Gasoline prices and income are ever-increasing by the year in today’s economy as a result of inflation. Through visualizations, we would like to examine the monthly and yearly trends in both quantities as well as how they both affect each other. It is anticipated that as the average yearly income of a region increases, the average yearly gasoline price of that region would also increase because the consumers would have more money to spend on gasoline for their vehicles. As a result of supply and demand, the gasoline price would increase. Through these visualizations, residents of New York State can decide which city would be the most economical for them to live in if any of them happen to have a vehicle or they can decide if New York State would be the most economical region in the country to live in with a vehicle.

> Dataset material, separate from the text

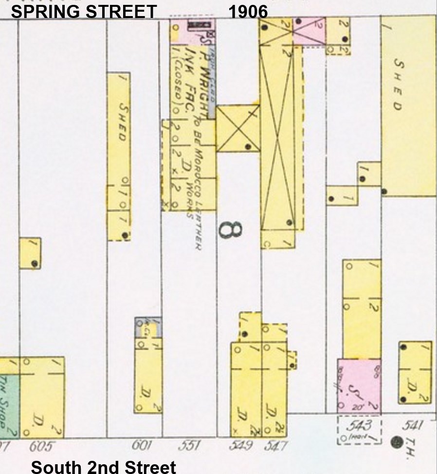 Sanborn Map S.P. Wright Ink Factory (closed) to beMorocco Leather Works The factory stood on the east side of Spring Street |

First, the csv file was downloaded from https://data.ny.gov/Energy-Environment/ Gasoline-Retail-Prices-Weekly-Average-by-Region-Be/nqur-w4p7 and https://data.ny.gov/Economic-Development/Quarterly-Census-of-Employment-and-Wages-Annual-Da/shc7-xcbw. Then, the csv files were loaded into R. The zoo and lubridate packages were used for converting the date column in each package to year-month format or to year format.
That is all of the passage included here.